La ropa, mis perfumes, el techo pintado con nuestras mano, las fotos que insististe en colgar por todos lados, tus pantuflas, la manía que tienes de dormir con el cabello húmedo.

Todo lo dejé intacto, como si te dejara una fotografía de las que tenemos colgadas. Llegabas y hacía frio. Tus manos temblaban un poco, llegabas sonriente, pero es la sonrisa más desconocida de todas. Sonreías queriendo llorar, abrumado, nervioso, ansioso. Caminaste un par de metros, ubicaste mi sillón con mi gato y por primera vez ustedes se llevaron bien.
Tus ojos recorrieron cada pedacito de nuestra casa, como quien hace un inventario de sus recuerdos. Tus manos destaparon cada uno de mis perfumes, tu cabeza se recostó en mi lado de la cama y no dormiste, esperaste despertar de todo esto tan extraño, más que el día en que decidimos vivir juntos.
Te he dejado todo intacto porque no quiero apartarme de ti, porque se que esta casa dejará de ser mi casa y sin embargo me aferro a ver tu imagen de ojos abiertos, de sonrisa indescifrable.
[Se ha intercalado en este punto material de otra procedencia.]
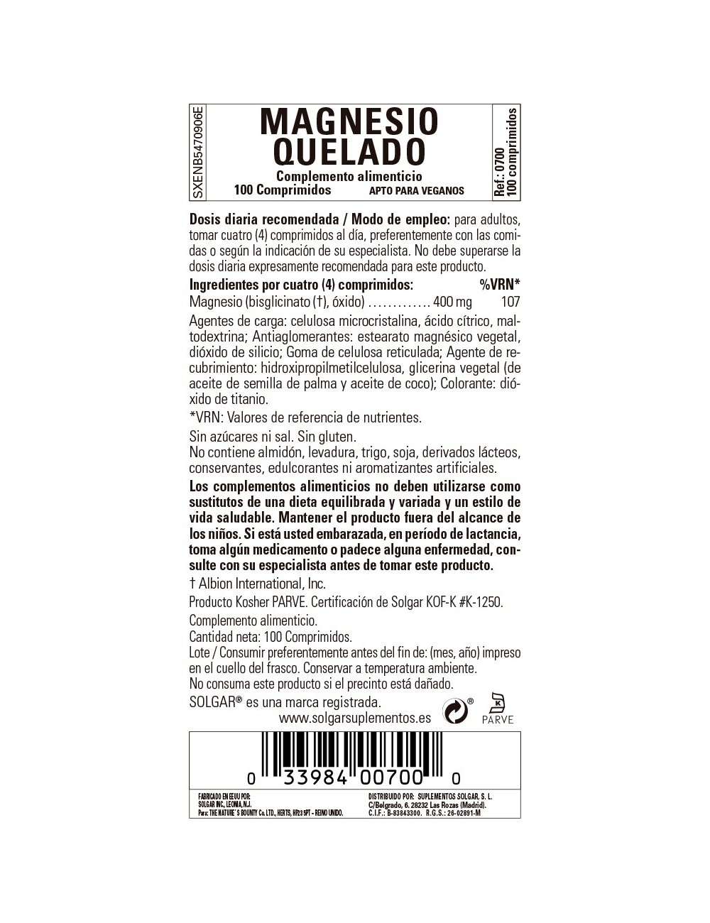 Solgar magnesio quelado 100 comprimidos.
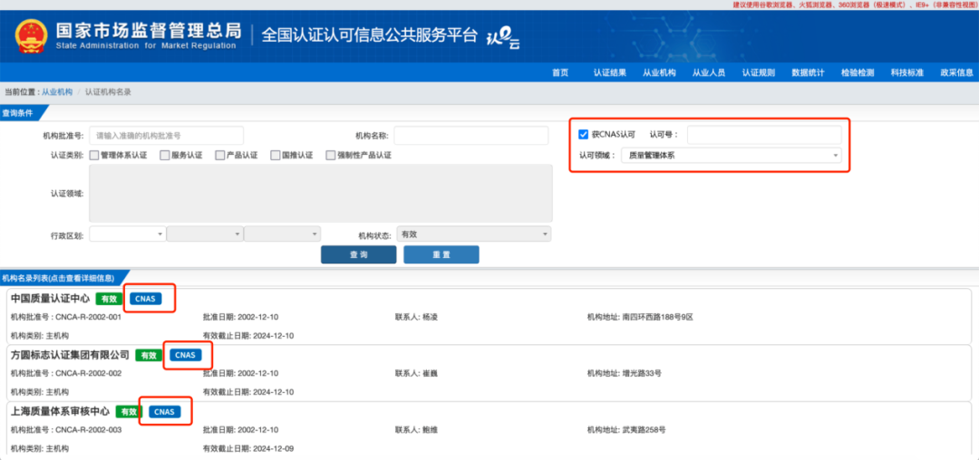 當用戶輸入/篩選機構(gòu)批準號、機構(gòu)名稱、認證類別、認證領(lǐng)域、機構(gòu)狀態(tài)、行政區(qū)劃條件,若查詢結(jié)果中的認證機構(gòu)獲得CNAS認可,查詢結(jié)果列表標記“CNAS”字樣。

Te miro y pienso que ojalá no saques el cuadro que compramos incrédulos, que ojalá no olvides secarte el pelo ( que nunca aprendí a decirle cabello) que mi gato y tú ahora se lleven bien, que la casa siempre huela bien porque por eso , a pesar de lo locos que decían que estábamos, ese olor tan cálido nos hacia confiables, que ojalá pongas un poco de mi música un domingo por la tarde, que no tengas frio porque se que tiemblas mucho por cualquier poco de viento, que tengo miedo de decirlo, pero ojalá aprendas a no extrañarme.

Te miro y no logro tocarte, es la sensación más abrumadora de todas, pero aún siento y se que me sientes. No estoy más. Queda el balcón que te pedí y me diste, quedan mis flores en las macetas, mi ropa amontonada, mis discos y mis galletas. Aqui en donde estoy, en este otro espacio llamado muerte, todo se ve abrumadoramente nostálgico.

Llegabas y no sabes si quieres quedarte.